At this point, I am just going to cancel or return whatever I am sent, or file a claim if I am sent nothing, and then order a Nikon lense like I originally planned.


----------



## subscuck (May 18, 2011)

RSisco said:


> I ordered from Tri-State Camera


 
Yeah, that explains my concern. Bad reputation and bait and switch sum them up. And Sigma makes 0% of Nikon glass. Are you sure these are people you want to do business with?

As far as the price, I'm guessing at $20 less than the Nikon lens you were ordering, that puts it at $287.99. *If* it's the APO DG Macro (Motorized), reputable dealers like B&H and Adorama have it for $239. So instead of "saving" you $20, they're actually nailing you for about $50. Again, do you really want to do business with Tristate?

As for the lens, I would guess the Nikon you were originally going to order would be better optically.
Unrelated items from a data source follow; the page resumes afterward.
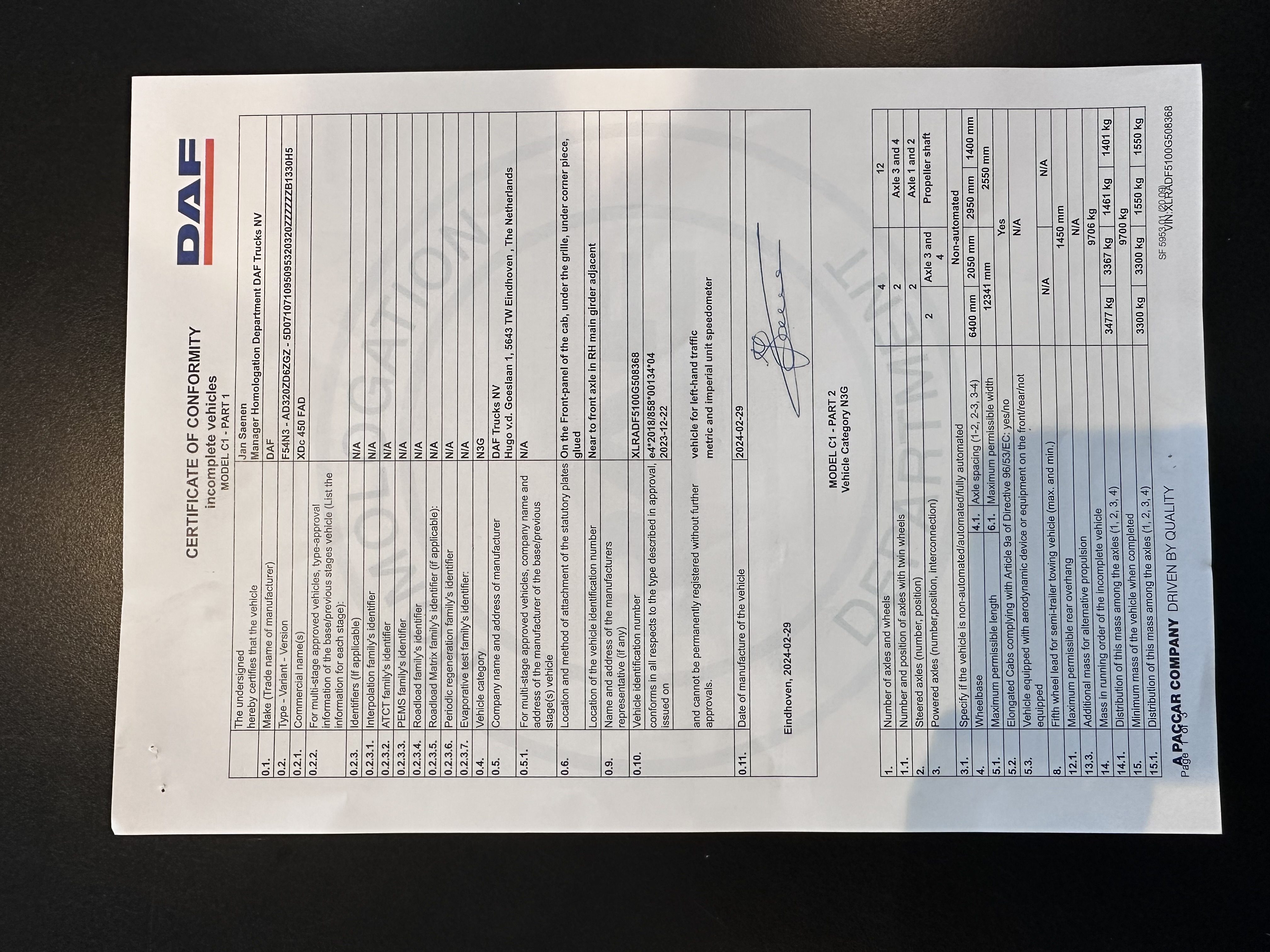 ** Copy of COC Certificate Available for Cab & Chassis Only ** This item is located outside of our yard. Please arrange an appointment for viewing via email: beneluxmail@rbauction.com. Appointment requests are accepted until 20th March, 5pm. **
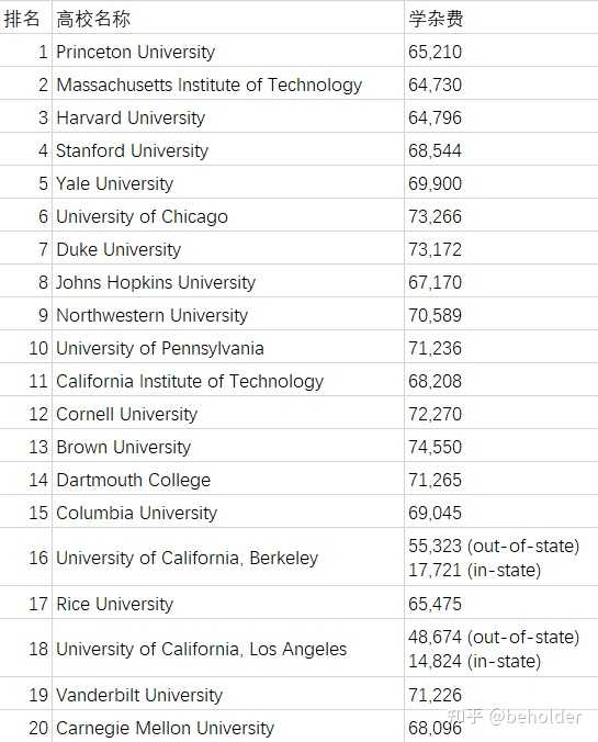 所以呢,评论里有人说学讲师打野也就不奇怪了吧…,好好的留学让你干成了“洋插队”,也是一绝啊,您这不是给我的论点提供弹药嘛… 犟者还真是多…… 其实我这里还没说到题主最主要的问题,就是偷换概念,把全美最便宜的公立高校拿出来证明“美国大学生没有学贷压力”。多的不说,我们就用美国人自己搞的USnews ranking吧,美国高校Top20是这样的: |
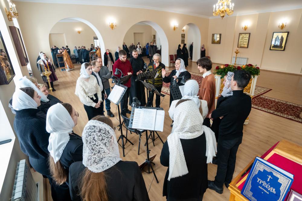 Песнопения литургии исполнил хор Спасского кафедрального собора г. Пензы под управлением регента Ольги Горшеневой.
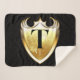 Cette couverture sherpa affiche la lettre T majuscule à l'intérieur d'un élégant décalcomanie de couleur dorée avec une police unique sur le panneau avant avec une sensation délicate et douce parfaite pour pique-nique, évènements en plein air, et douces lunettes d'hiver. Toutes les couvertures sont faites à partir de vison imprimé 100% polyester avec une impression sublimation de bord à bord et une couture robuste à double bord a Sherpa douce sur le dos avec une couleur off-white.
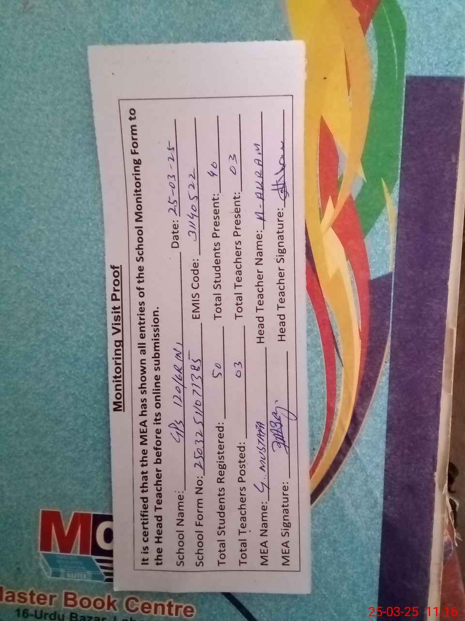 | Attendance Register | Head Teacher | MEA with School | Visit Proof |
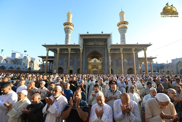 واختتم خطبته بالدعاء بتعجيل فرج مولانا صاحب العصر والزمان الإمام المهدي المنتظر "عجل الله فرجه الشريف" والدعاء للمؤمنين والمؤمنات والمسلمين والمسلمات الأحياء منهم والأموات، ومن دافع عن الدين والمقدسات الذين لبوا فتوى المرجعية الدينية المباركة، والرحمة للشهداء وعوائلهم والشفاء العاجل لجميع الجرحى وأن يجعل بلدنا آمناً، وعيدنا تحقيقاً للغايات المنشودة، ثم تلتها قراءة زيارة سيد الشهداء الإمام الحسين "عليه السلام" من قبل قارئ مآذن الصحن الكاظمي الشريف الشيخ عامر الخفاجي.

While Sigma makes some very nice lenses, their cheaper zoom lenses are usually nothing to write home about, and in fact any sub $300 zoom lens is usually junk. The Nikon retails at reputable dealers for about $360, so again, think bait and switch. Had you stuck to your guns on the Nikon at their "sale price", it probably would have suddenly become unavailable. Hence the "confirmation" phone call, they had no intention of ever selling that lens at that price.

So here's my advice; Cancel any and all orders with Tristate. Go with the Nikon, it's probably a better lens. I shoot Canon, so I can only base my assumption on what experience has shown me with cheap Sigma zooms. Call either B&H or Adorama, they're the two most often recommended dealers for good reason; they don't lie, they don't bait and switch, and they have sterling reputations. In fact, Adorama has a customer liason on this very forum. If you do some googling on Tristate, I think you'll find it's best to avoid them.


----------